Analyzing a resolution to read more

Lots of little things happen in grad school that take you by surprise but really shouldn’t. One of those things for me happened after I finished all of my coursework. Without the deadlines of weekly seminars, I didn’t read journal articles or books nearly as often as I should have. I figured this out about this time last year and made it my New Year’s resolution to get better at keeping up with journals.

When I started working on this, one thing that became immediately apparent was that I lacked any sort of organized system for getting notified about new articles. Which seems like something I should have done year 1 and is rather obvious in retrospect. But hey, I was a young grad student.

I tested out two ways of getting notifications. One was with email alerts. All the publishers are more than happy to email you about new issues/articles. This worked, but it was annoying to get all these emails in my inbox. So I then switched to using RSS.1 That’s my current setup. All of the major publishers publish RSS or Atom feeds for their journals, so it’s easy to get subscribed. Well, all of them except Cambridge. Luckily, there is a webapp that lets you add RSS posts via email. So I signed up for Cambridge’s email alerts but gave them an email address that that company gave me.

Now that I get notifications about new articles/issues, it certainly feels like I read more. But having some empirical evidence would be nice.

So I analyzed my .bib file in R.

You can import a bib file with the “bibtex” package. I then did a little wrangling to get a data.frame with one row per citation. The code is available on github, and I’ve embedded it at the bottom of this post.

When taking classes I did an OK job at keeping track of what I read, but a lot of stuff I read for coursework will be missing. Also missing are things that I read but didn’t put in my bib file (yet), like articles I reviewed or working papers that colleagues had me read. So the data actually undercount what I read. Since we’re relying on citation information, we’ll also be plotting the year the article was written, not the year I read it.

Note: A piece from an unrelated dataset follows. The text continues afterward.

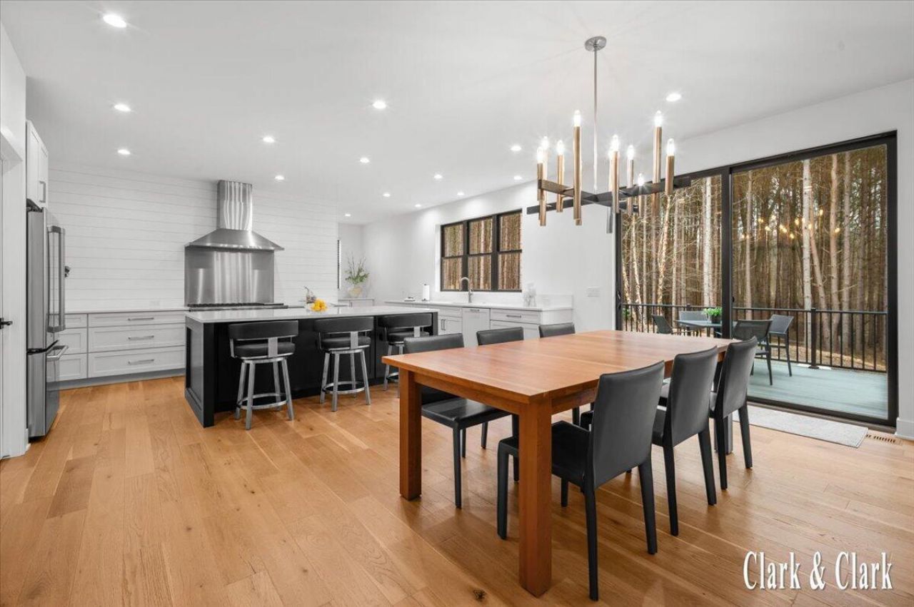 Discover refined luxury in this stunning contemporary walkout ranch, masterfully built by Bruce Heys Builders, set on four private wooded acres within an exclusive 10-home enclave just minutes from downtown Ada.Designed for elegant main-level living, the home is filled with natural light from expansive windows that frame breathtaking forest views. The great room serves as the heart of the home, featuring a striking gas-start wood-burning fireplace flanked by custom built-ins and sophisticated architectural detail.The primary suite offers a serene retreat with dual vanities, a beautifully tiled shower, and a spacious custom walk-in closet designed for both organization and style.The gourmet kitchen is a showpiece, featuring sleek white quartz countertops, a modern open design without upper cabinets, and premium Monogram stainless steel appliances including a 48 gas range. An oversized island with built-in microwave and wine cooler anchors the space, complemented by two pantries and a dedicated coffee bar.The walkout lower level is designed for entertaining and everyday comfort, featuring a spacious family room with a gas fireplace, rustic shiplap accent wall, and custom built-ins. A stylish wet bar with wine cooler, private office, exercise area, and abundant storage create exceptional versatility. Two additional bedrooms and a full bath provide comfortable accommodations for guests.

First, I looked at a plot of all the years of the articles/books I had. 2016 is the rightmost bar.

Count by Year

You can see that my suspicion was probably right - the lines for 2014 and 2015 are pretty short. 2015 was the last year I took classes, and 2014 was a methods-heavy year so not much reading there.

It looks like I did a pretty decent job with my new years resolution. 2016 is pretty clearly the tallest bar (and it’s not over yet! In fact, I still have 23 articles to read on my todo list).

Of course, now that we have the data in R, we can make all kinds of interesting plots. I know that I read a lot of AJPS/APSR/JOP (the top three journals in political science) articles when I was taking coursework, so I was interested to see the distribution of the things I’ve read by journal (only plotting journals where I have more than 5 articles)

Suspicion confirmed again. We read a lot from the same three journals in coursework. I think that since I’m reading from many more journals now that this discrepancy will lessen over time though.

  1. And yes, of course you can read RSS in Emacs. gnus is built-in and there’s also elfeed, which is what I use. ^